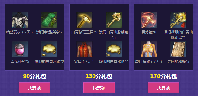 达到页面所示相应分数的玩家,可以领取相应礼包。一次活动期间内,每个QQ单个礼包只能领取一次。
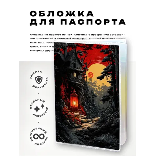 Эта обложка для паспорта выполнена из прозрачного ПВХ пластика и украшена полиграфической вставкой с изображением уютной хижины в лесу. Она не только защищает паспорт от повреждений, но и придаёт ему индивидуальность, отражая любовь к природе и путешествиям. Обложка упакована в удобный полипропиленовый пакет с вырубкой под еврокрючок, что делает её отличным вариантом для подарка или личного использования. Эстетичный дизайн и практичность делают этот аксессуар незаменимым спутником в любом путешествии.
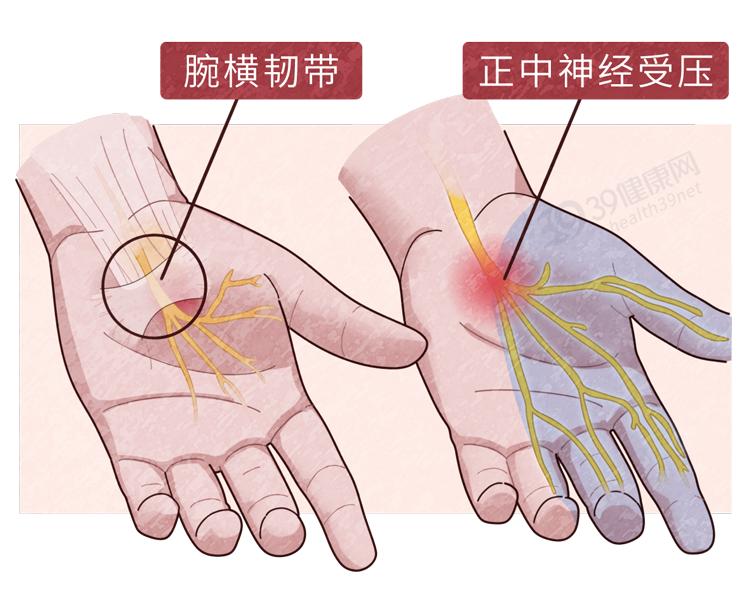 也叫“鼠标手”,这个病初期通常表现为夜间间歇性的手部感觉异常和麻木。随着病情发展,患者可能会经历手部感觉减退,包括拇指、食指、中指、腕部和手掌的麻木和疼痛,手指变得不灵活,难以拿稳物品。严重情况下,症状还可能包括肌肉萎缩,甚至出现间歇性的皮肤苍白和指尖坏死。

Task description: Could the data above be returned in full, exactly, with every image left out?

Task answer:
 达到页面所示相应分数的玩家,可以领取相应礼包。一次活动期间内,每个QQ单个礼包只能领取一次。
 Эта обложка для паспорта выполнена из прозрачного ПВХ пластика и украшена полиграфической вставкой с изображением уютной хижины в лесу. Она не только защищает паспорт от повреждений, но и придаёт ему индивидуальность, отражая любовь к природе и путешествиям. Обложка упакована в удобный полипропиленовый пакет с вырубкой под еврокрючок, что делает её отличным вариантом для подарка или личного использования. Эстетичный дизайн и практичность делают этот аксессуар незаменимым спутником в любом путешествии.
 也叫“鼠标手”,这个病初期通常表现为夜间间歇性的手部感觉异常和麻木。随着病情发展,患者可能会经历手部感觉减退,包括拇指、食指、中指、腕部和手掌的麻木和疼痛,手指变得不灵活,难以拿稳物品。严重情况下,症状还可能包括肌肉萎缩,甚至出现间歇性的皮肤苍白和指尖坏死。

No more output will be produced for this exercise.